今年度の慶大一般選抜の出願が先月19日に締め切られ、今月1日に志願者数が確定した。全体志願者数は10学部3656人の募集に対し、前年度比4.6%減の3万6681人となり、4年連続で減少となった。一般選抜は2月10日の薬学部から始まり、3月1日の医学部第2次試験までの間、計11日間にわたって行われる。

学部ごとに見ると、文系学部は経済学部B方式、法学部法律学科、商学部B方式で志願者数が増加したものの、その他の学部・方式は減少が見られた。特に、法学部政治学科では減少幅が前年度比12.2%減と文系学部で最大であった。なお商学部B方式は322人と大幅に増加したが、前年度志願者数が減少した反動によるものが大きいと推測される。

 

一方で理系学部は、看護医療学部で志願者数が唯一増加したものの、他学部では軒並み減少が目立つ。特に理工学部学門Dの減少幅は前年度比21.3%減と全学部・学科・方式で最大となった。

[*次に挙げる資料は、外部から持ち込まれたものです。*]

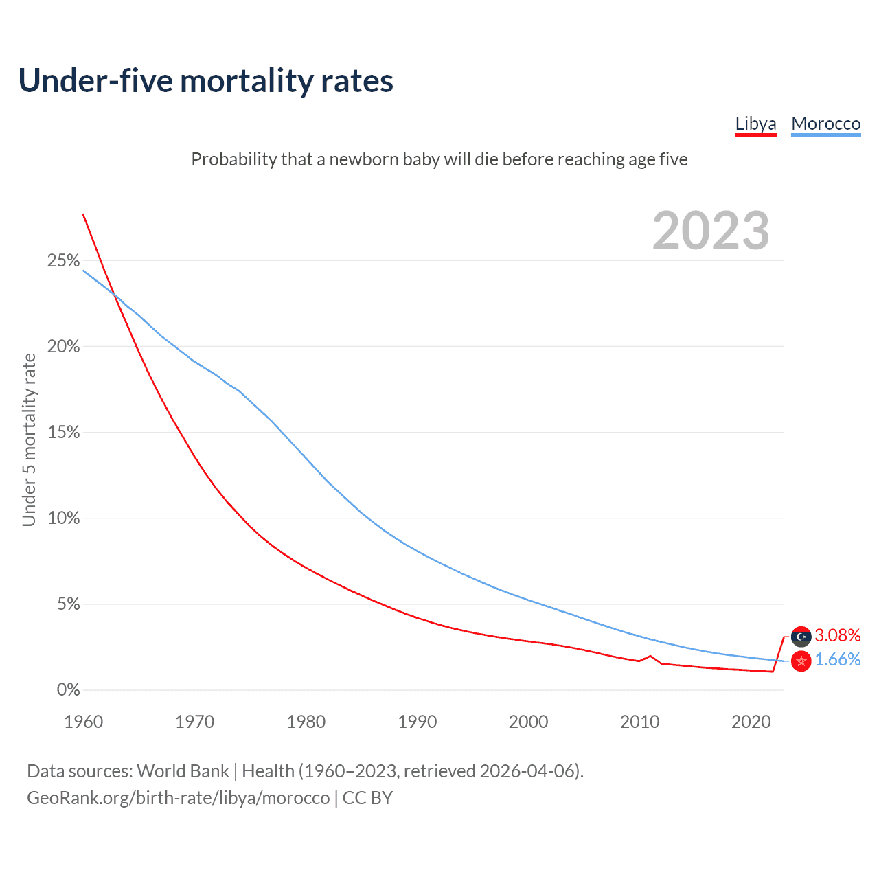 The chance that a newborn baby will die before reaching age five is 3.08% in Libya and 1.66% in Morocco. Above is a chart with historical data on under-five mortality rates.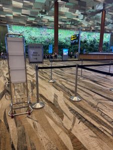 Asiana Airlines departs from Changi Airport Terminal 3. The airline operates check-in counters in Row 8, to the right of the terminal building, with Door 6 being the nearest door to these counters. Of the seven check-in counters, two are dedicated to Business Class passengers, one to their Diamond-tier members, two for Economy Class passengers, and another two for passengers who have completed their check-in online. Asiana Airlines check-in counters open 3 hours before the flight. As we arrived slightly ahead of the counter opening time, we used Asiana Airlines’ early check-in counter in counter 7. Although not located in a dedicated Business Class counter, the ground staff’s check-in experience was very pleasant. The staff welcomed us and were very efficient in processing our check-in, and we were checked in within 5 minutes. Before sending us off to our boarding gates, the friendly ground staff presented us with a lounge invitation and provided us with directions to the two lounges we could use.

18歳人口が減っていることもあり、近年は全国的に大学受験者数の減少が目立つ。慶大は、ここ数年、志願者が減少しているものの、前年度と比較すると今年度の志願者数の減少幅は小さい。

今年度全体志願者数の動向について、慶大入学センターは「大学入試改革や新型コロナウイルス感染症などにより、受験生・保護者の安全志向が一層高まり、本学も影響を受けたのでは」と分析する。

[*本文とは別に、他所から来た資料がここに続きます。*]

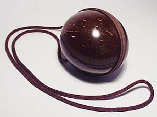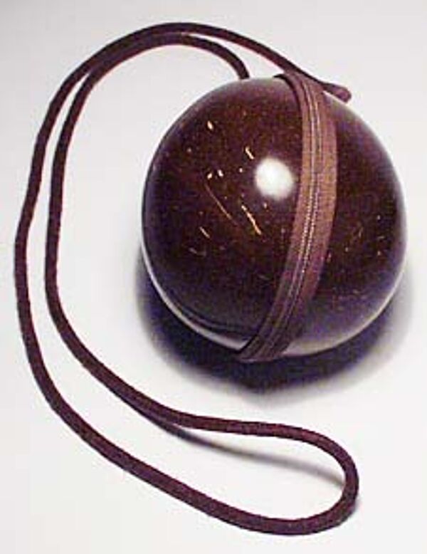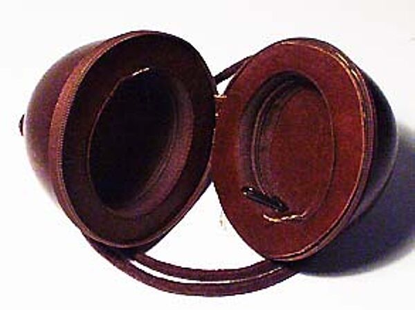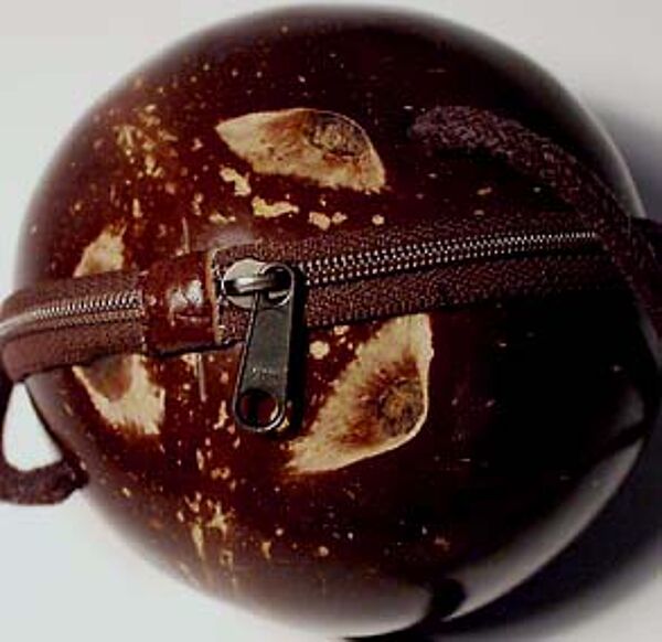Der Korpus der Tasche besteht aus den zwei Hälften einer polierten Kokosnuss (Durchmesser ca. 12 cm), verbunden mit einem Reißverschluss. Oberseitig ist eine dicke braune Schnur zum Umhängen befestigt (Länge ca. 115 cm). Das Innere ist mit Kunstleder ausgekleidet, hier ebenfalls Reißverschlüsse. Die Tasche dürfte aus den 40er / 50er Jahren stammen.
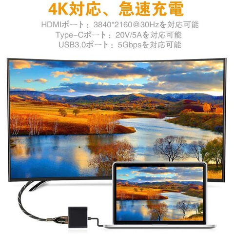 【3-in-1アダプタ】4K対応HDMI出力ポート/ USB3.0高速ポート/ 60W出力PD充電対応USB-Cポート接続が1つのアダプタで可能になりました。
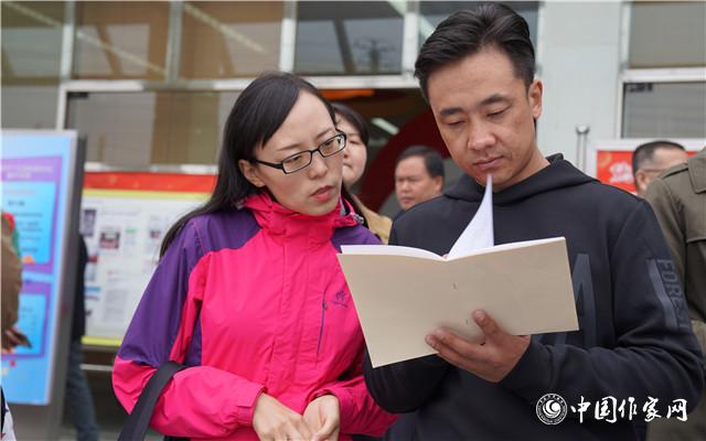 采訪團成員孫頻、索南才讓認真研讀相關資料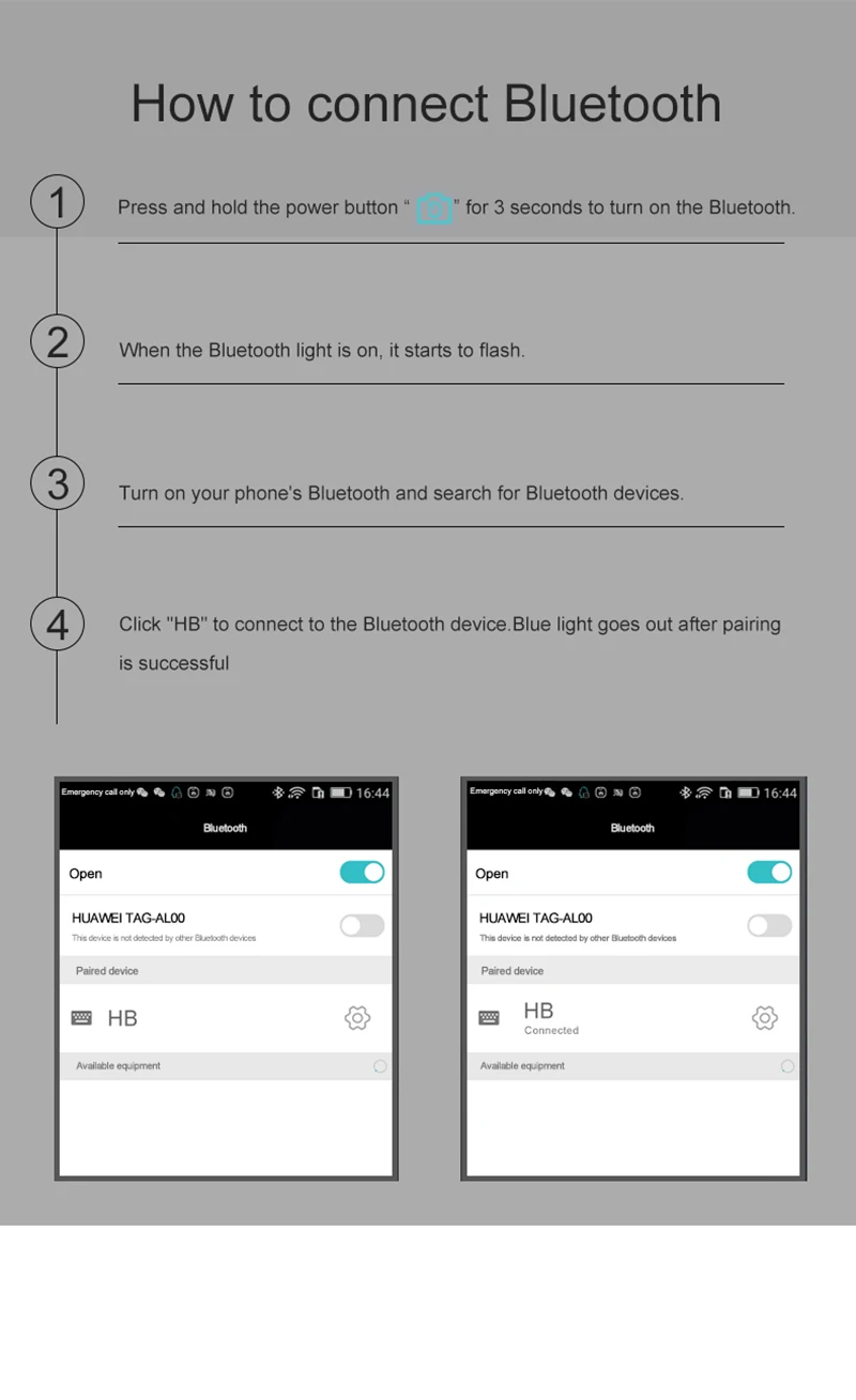 1: долго нажмите кнопку питания пульта дистанционного управления Bluetooth, 3 секунды, чтобы включить Bluetooth

他大学の影響も少なからずあると予備校関係者は分析する。今年度は大学入学共通テスト併用型入試など新たな入試方式を導入した大学が目立つ。こうした変更に対する受験生の敬遠傾向が見られ、入試方式の変更がなかった慶大では志願者数は大きく減少しなかったのではと指摘する。

 

今年度、一般選抜において何点か変更点があった。総合政策学部・環境情報学部の総合型選抜(AO入試)の募集人員が増員となるため、一般選抜の募集人員が各学部275人から225人に減少した。

また今年度からインターネット出願の際に、「主体性」「多様性」「協働性」についてどのように考え、心掛けてきたかを100文字以上、500文字以内で入力を求めた。入力した内容は受験の合否判定に用いることはせず、入学後の学習指導上の参考資料としてのみ活用する。

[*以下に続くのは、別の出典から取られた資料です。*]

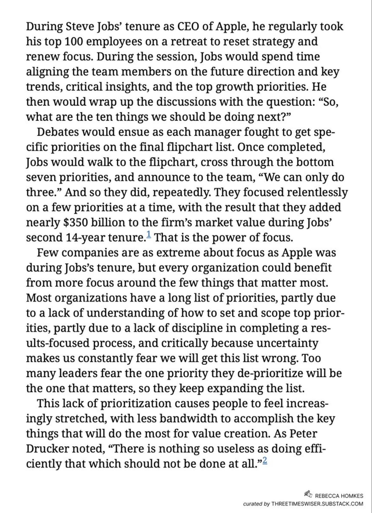 Prioritization is not optional background context. It is the core act of execution. Don’t ever forget: Everything you choose NOT TO DO is as important as what you choose TO DO.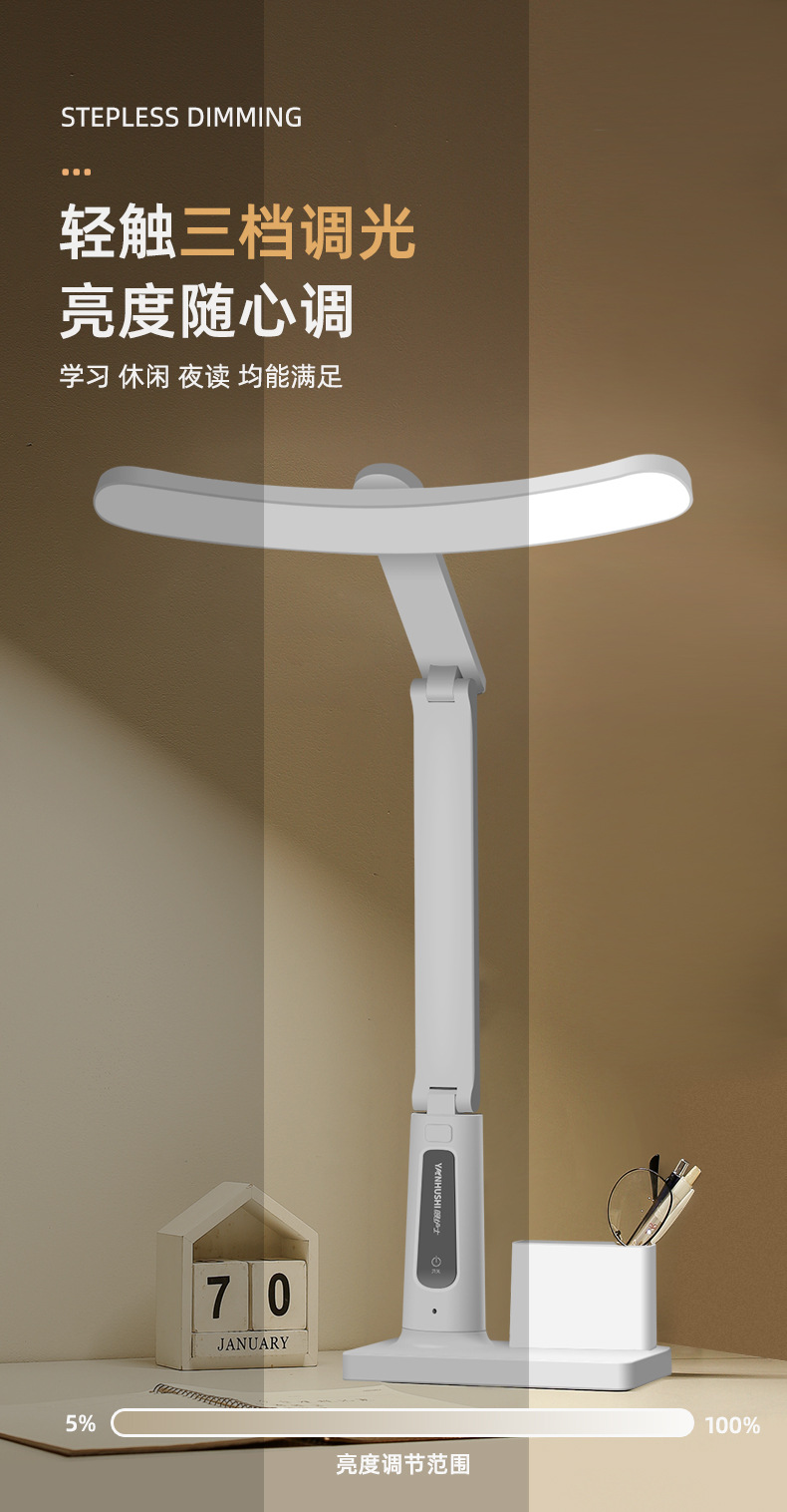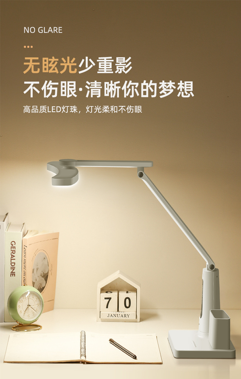 전국 AA 레벨 조도 책상 램프 눈 보호 가정 연구 사무실 접는 펜 홀더 야간 조명 학생 책상 독서 작업 조명

なお、新型コロナウイルス感染症の影響に伴い、出題範囲を変更する大学もあるが、慶大は「すでに公表している試験教科・科目からの範囲変更は行わない」としている。

 

一般選抜の合格発表は、2月19日の薬学部から始まり、3月5日の医学部第2次試験まで続き、インターネット出願システム上で確認できる。